§ Supplied data:

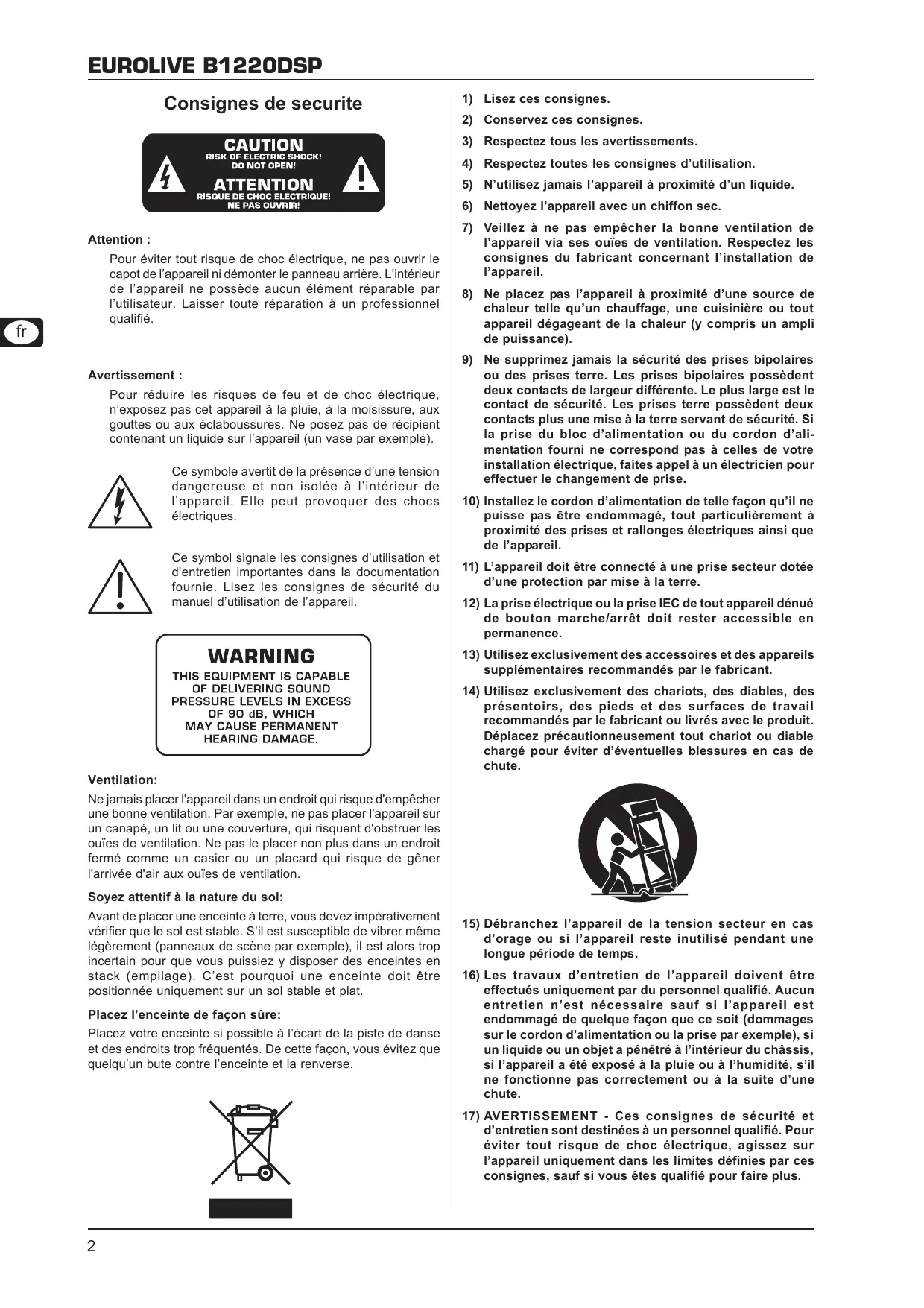 présentoirs, des pieds et des surfaces de travail recommandés par le fabricant ou livrés avec le produit. Déplacez précautionneusement tout chariot ou diable chargé pour éviter d’éventuelles blessures en cas de chute. Ventilation: Ne jamais placer l'appareil dans un endroit qui risque d'empêcher une bonne ventilation. Par exemple, ne pas placer l'appareil sur un canapé, un lit ou une couverture, qui risquent d'obstruer les ouïes de ventilation. Ne pas le placer non plus dans un endroit fermé comme un casier ou un placard qui risque de gêner l'arrivée d'air aux ouïes de ventilation. Soyez attentif à la nature du sol: Avant de placer une enceinte à terre, vous devez impérativement vérifier que le sol est stable. S’il est susceptible de vibrer même légèrement (panneaux de scène par exemple), il est alors trop incertain pour que vous puissiez y disposer des enceintes en stack (empilage). C’est pourquoi une enceinte doit être positionnée uniquement sur un sol stable et plat. Placez l’enceinte de façon sûre: Placez votre enceinte si possible à l’écart de la piste de danse et des endroits trop fréquentés. De cette façon, vous évitez que quelqu’un bute contre l’enceinte et la renverse.
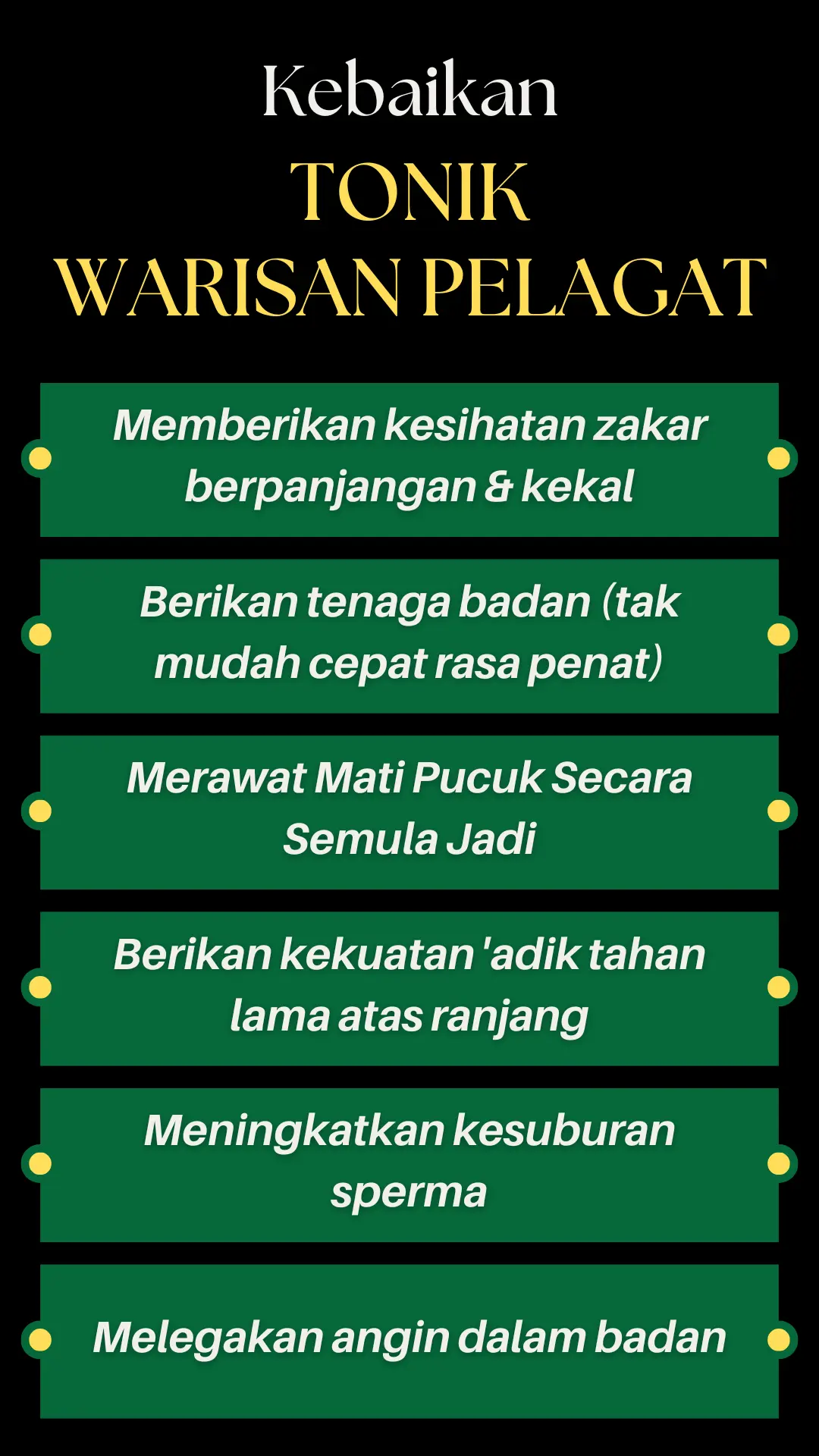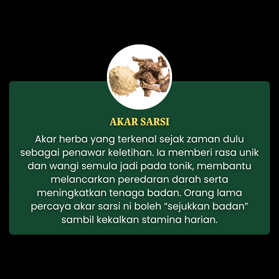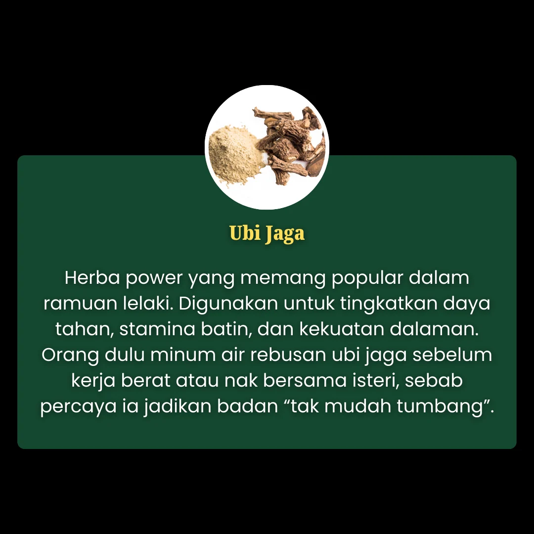 Jadi, bila semua bahan ni digabung dalam Tonik Warisan Pelagat, ia bukan sekadar minuman tenaga – tapi satu ramuan warisan kampung Kelantan yang penuh cerita dan fungsi untuk lelaki.
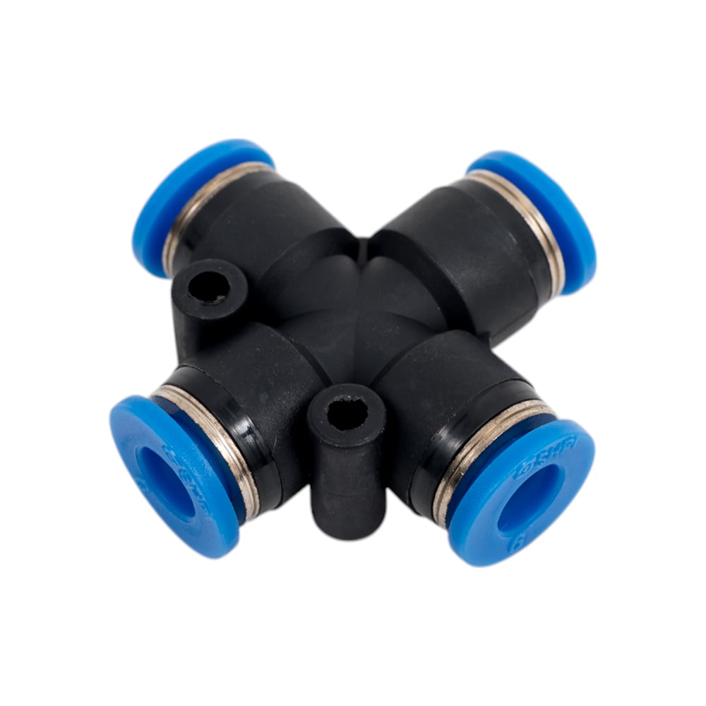 Цанговый крестообразный фитинг для соединения трубок диаметром 6 мм SHPI PZA 06
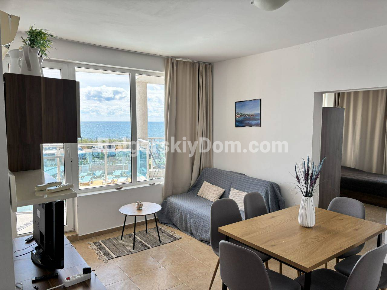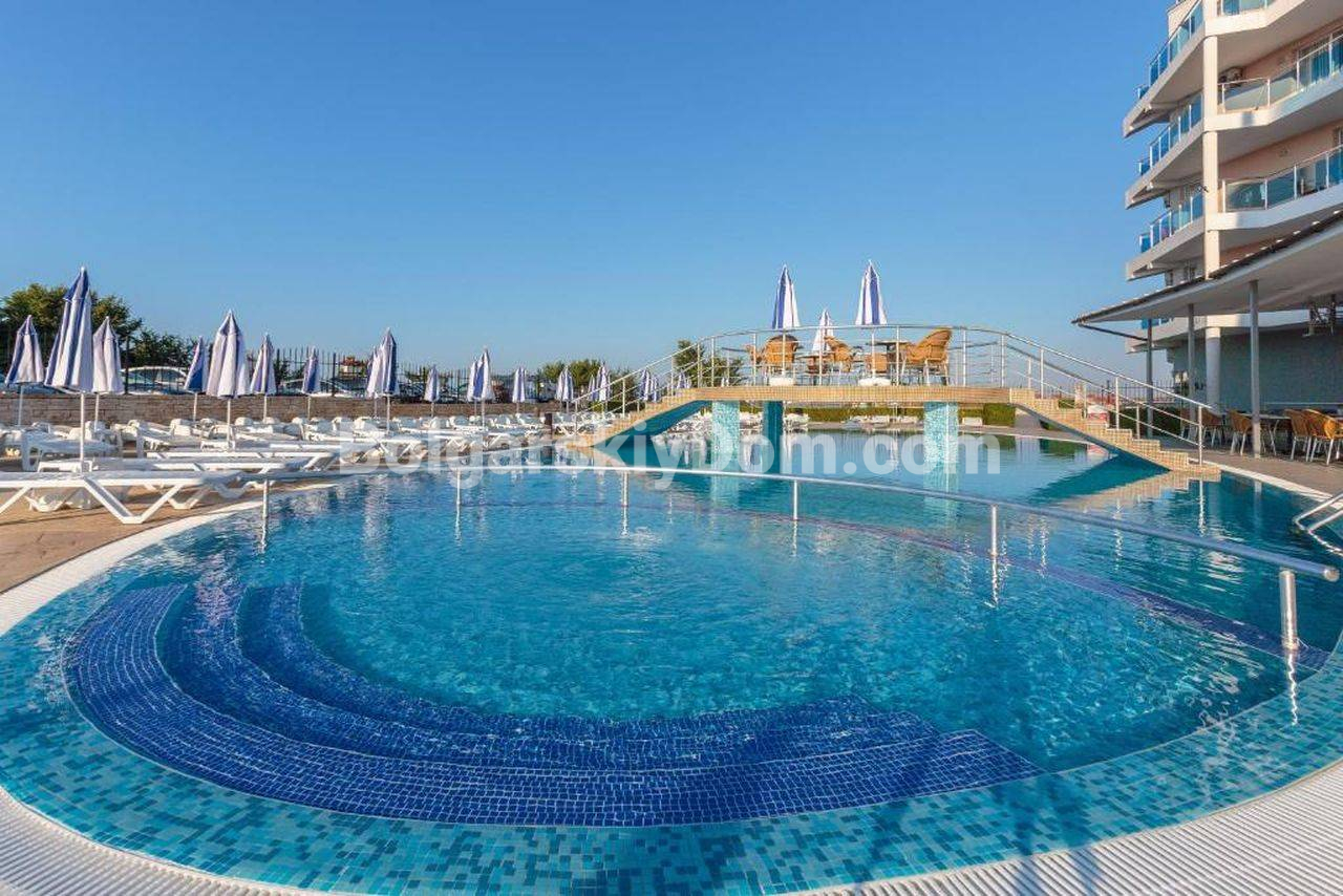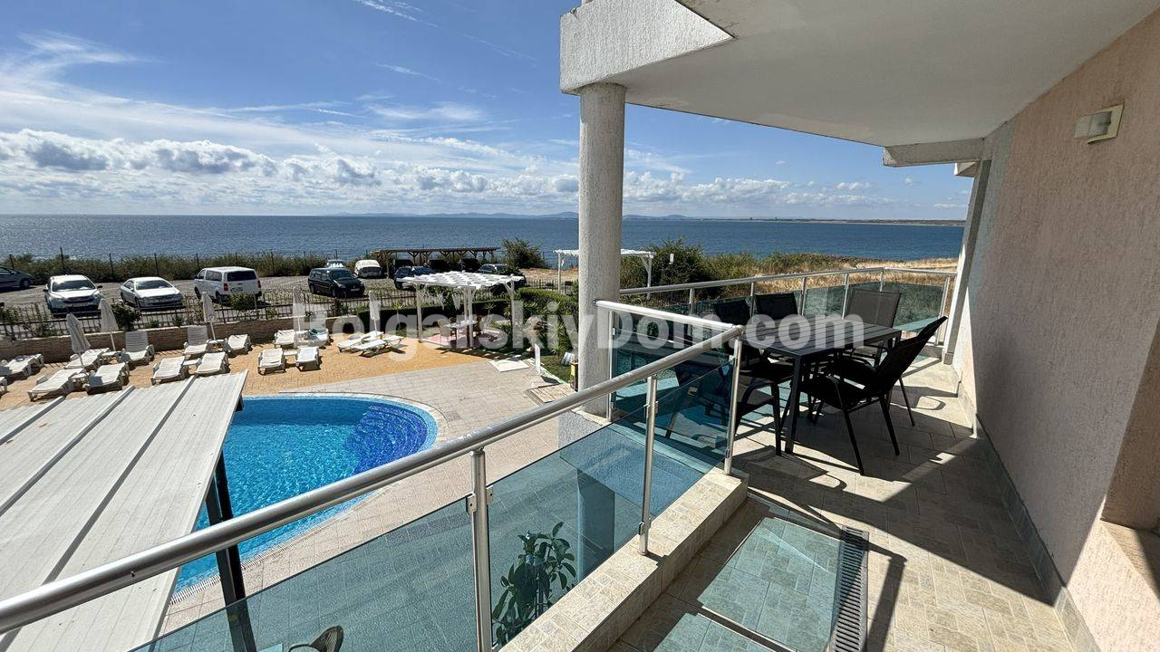 Полностью меблированная трехкомнатная квартира с фронтальным видом на море - идеальное сочетание уюта, комфорта и выгодной инвестиции. Апартамент площадью 97 кв. метров находится на втором этаже апарт-отеля премиум-класса, расположенного на первой линии в тихом и спокойном районе между Равдой и Ахелоем. Имеется полный комплект мебели и бытовой техники: от большого холодильника и духовки до кондиционеров в каждой комнате. Просторные террасы имеют шикарный прямой вид на море, до которого буквально подать рукой. Квартира готова к заселению без дополнительных затрат и хлопот уже сейчас.
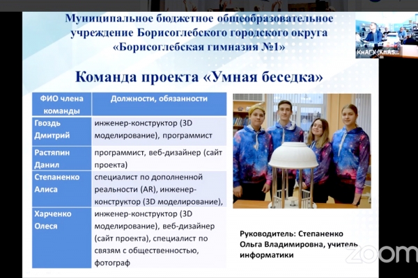 2-е место – Данил Растяпин, Алиса Степаненко, Артём Мицкевич, Никита Мячин с проектом «Умная сеть освещения» (г. Борисоглебск, МБОУ БГО «Борисоглебская гимназия № 1», 8-й класс, 7-й класс);
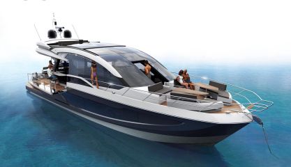 Galeonin Skydeck-konseptiin kuuluu sisäohjaamon ja -salongin lasikatto, josta suuri osa on avautuvaa kattoluukkua. Sen myötä flybridge on huomattavasti kompaktimpi kuin varsinaisissa Flybridge-malleissa. Skydeckin kattaminen käy kätevästi napin painalluksena, minkä seurauksena lamellikate liukuu varustekaaren alta esiin ja paikalleen.
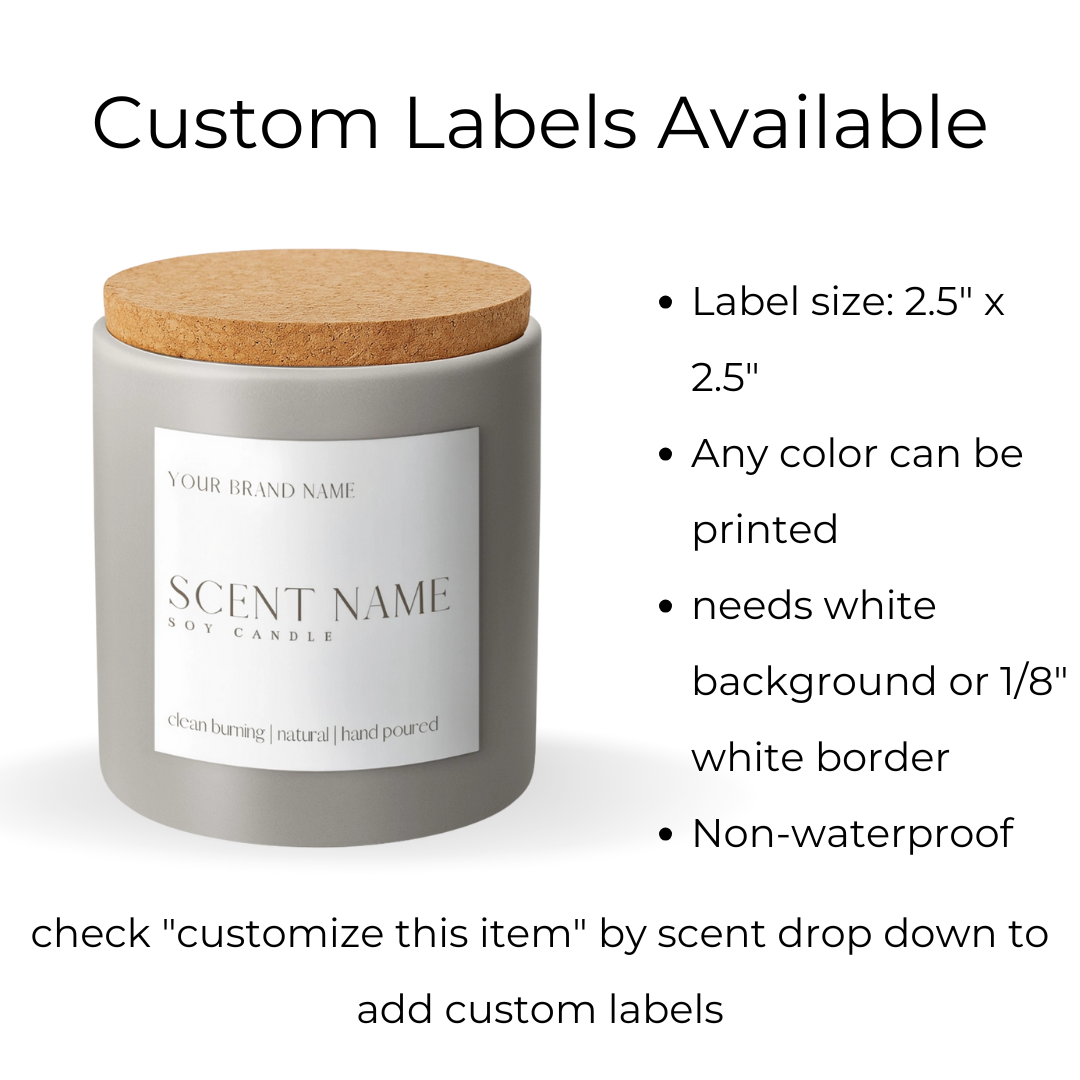 Option 1 - We print a label design you provide. Label size varies with the vessel Option 2 - We add your brand name/fonts and colors to our label design Option 3 - We fully design labels ($100 one-time design fee will apply) Please reply to order confirmation with which option you would like if you select "Custom Labels"

§ Required action: What you write out is the stretch of entries from the line containing "2-е место –" to the line containing "Galeonin Skydeck-konseptiin kuuluu", word for word, with both end lines and no pictures.

§ Response for this exercise:
 2-е место – Данил Растяпин, Алиса Степаненко, Артём Мицкевич, Никита Мячин с проектом «Умная сеть освещения» (г. Борисоглебск, МБОУ БГО «Борисоглебская гимназия № 1», 8-й класс, 7-й класс);
 Galeonin Skydeck-konseptiin kuuluu sisäohjaamon ja -salongin lasikatto, josta suuri osa on avautuvaa kattoluukkua. Sen myötä flybridge on huomattavasti kompaktimpi kuin varsinaisissa Flybridge-malleissa. Skydeckin kattaminen käy kätevästi napin painalluksena, minkä seurauksena lamellikate liukuu varustekaaren alta esiin ja paikalleen.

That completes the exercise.